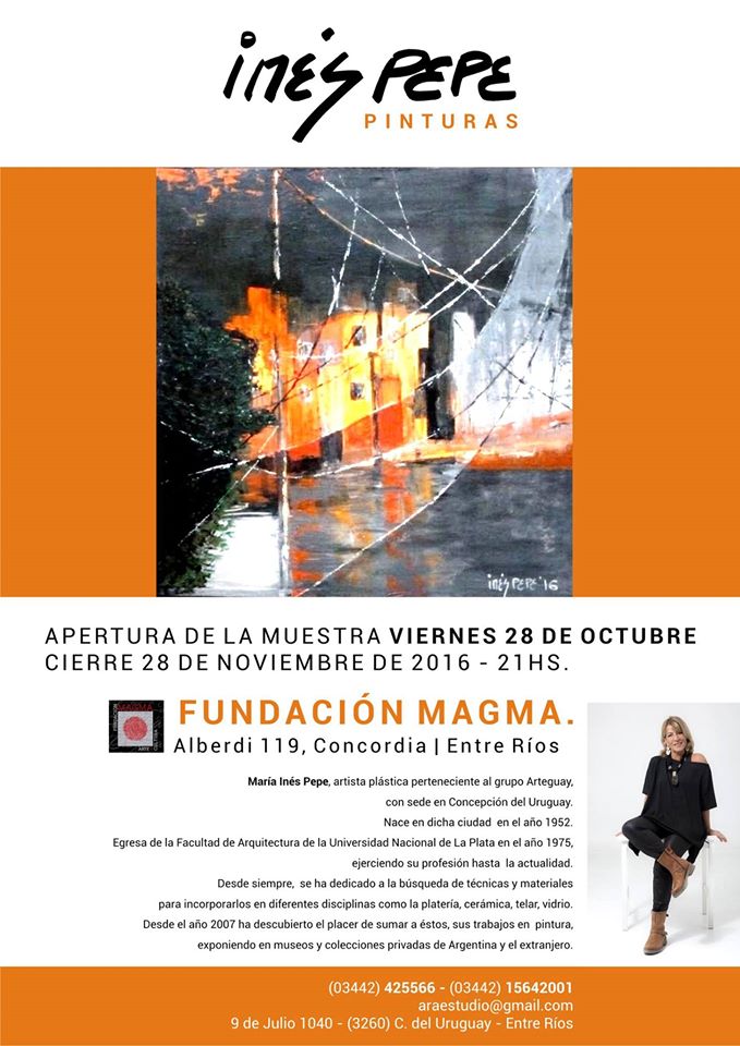 By La Ciudad22/11/2016La artista uruguayense Inés Pepe -integrante del grupo Arteguay- expone sus pinturas en la Fundación Magma de Concordia desde el 28 de octubre...
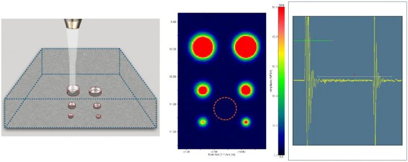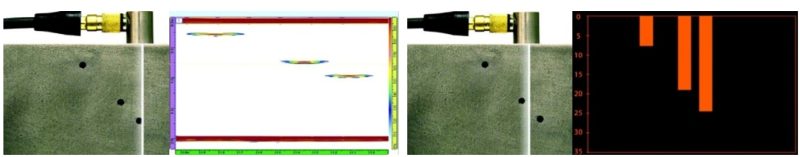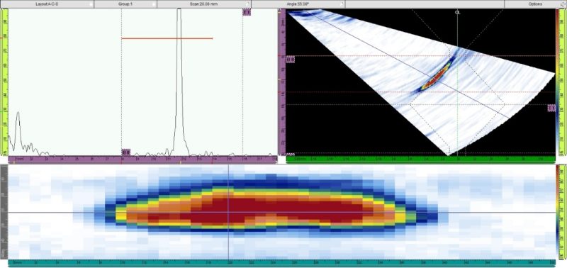 Obr. 4.36 Záznam z PA kontroly: A-sken, S-sken a C-sken [7]
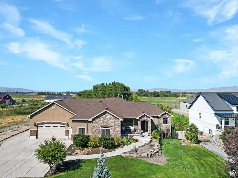Welcome to this stunning country home in Deweyville, capturing sunset views over the Coldwater Mountain Range. The open-concept layout boasts a sunlit kitchen, great room, and a master suite with a walkout sunroom featuring a see-through gas fireplace, jetted tub, and double walk-in shower. The lower level offers additional living with a kitchenette and beauty salon, along with laundry on both levels. A mudroom with custom cabinets and lockers adds convenience, while landscaped grounds showcase a waterfall, mature trees, and a spacious garage with RV parking plus an outbuilding for ample storage. Available to pre-qualified buyers only. Square footage figures are from county records; buyer to verify.
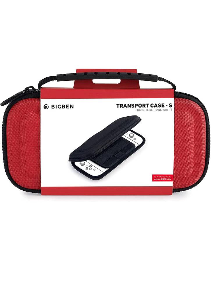 Husa de transport rosie pentru Nintendo Switch Lite vine cu un fermoar si maner rezistent.
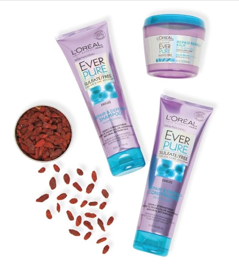 Busco productos que reconstruyan el pelo y que regeneren la fibra capilar. EverPure de L'Oréal Paris está especialmente formulado para pelo teñido, y gracias al
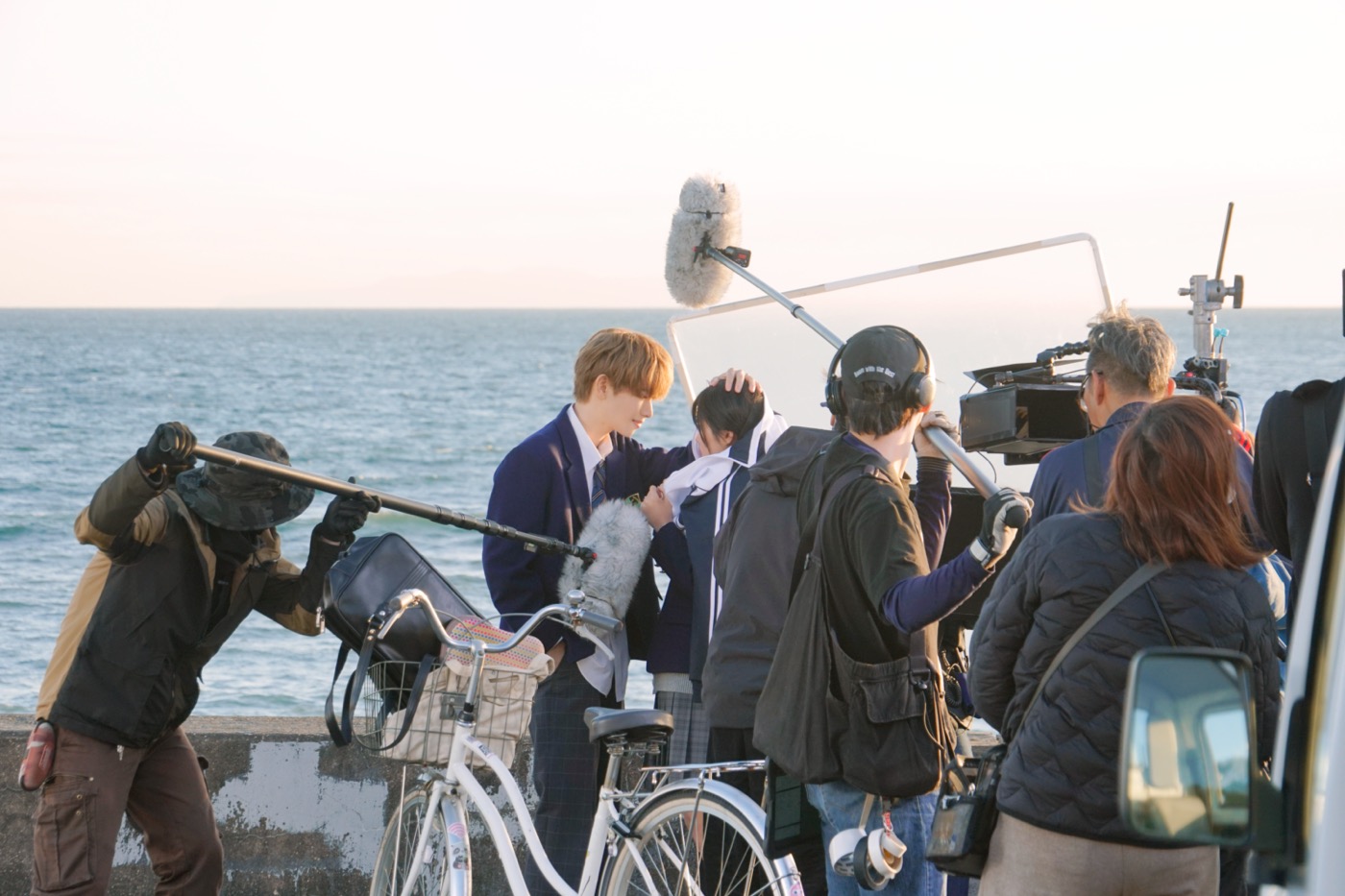さらに撮影の裏側に迫るメイキング写真も同時解禁。本シーンが撮影されたのは、対岸に江ノ島灯台を望む七里ヶ浜。絶好のロケーションである、陽光きらめく海原を背景に、名シーン“ジャージキス”をいかにロマンチックに実写化するか。キャスト・スタッフ全員が集中し、念入りに段取りを重ねていく。
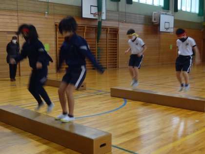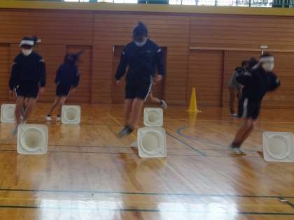 6年生の頑張る様子を見ていた5年生は、運動意欲を高めて、40秒間 × 3種類の運動メニュー × 2ローテーションに挑戦しました。
────────────────
## Brief
Each entry should be copied exactly as written, though any pictures stay out.

## Task result
 By La Ciudad22/11/2016La artista uruguayense Inés Pepe -integrante del grupo Arteguay- expone sus pinturas en la Fundación Magma de Concordia desde el 28 de octubre...
 Obr. 4.36 Záznam z PA kontroly: A-sken, S-sken a C-sken [7]
Welcome to this stunning country home in Deweyville, capturing sunset views over the Coldwater Mountain Range. The open-concept layout boasts a sunlit kitchen, great room, and a master suite with a walkout sunroom featuring a see-through gas fireplace, jetted tub, and double walk-in shower. The lower level offers additional living with a kitchenette and beauty salon, along with laundry on both levels. A mudroom with custom cabinets and lockers adds convenience, while landscaped grounds showcase a waterfall, mature trees, and a spacious garage with RV parking plus an outbuilding for ample storage. Available to pre-qualified buyers only. Square footage figures are from county records; buyer to verify.
 Husa de transport rosie pentru Nintendo Switch Lite vine cu un fermoar si maner rezistent.
 Busco productos que reconstruyan el pelo y que regeneren la fibra capilar. EverPure de L'Oréal Paris está especialmente formulado para pelo teñido, y gracias al
さらに撮影の裏側に迫るメイキング写真も同時解禁。本シーンが撮影されたのは、対岸に江ノ島灯台を望む七里ヶ浜。絶好のロケーションである、陽光きらめく海原を背景に、名シーン“ジャージキス”をいかにロマンチックに実写化するか。キャスト・スタッフ全員が集中し、念入りに段取りを重ねていく。
 6年生の頑張る様子を見ていた5年生は、運動意欲を高めて、40秒間 × 3種類の運動メニュー × 2ローテーションに挑戦しました。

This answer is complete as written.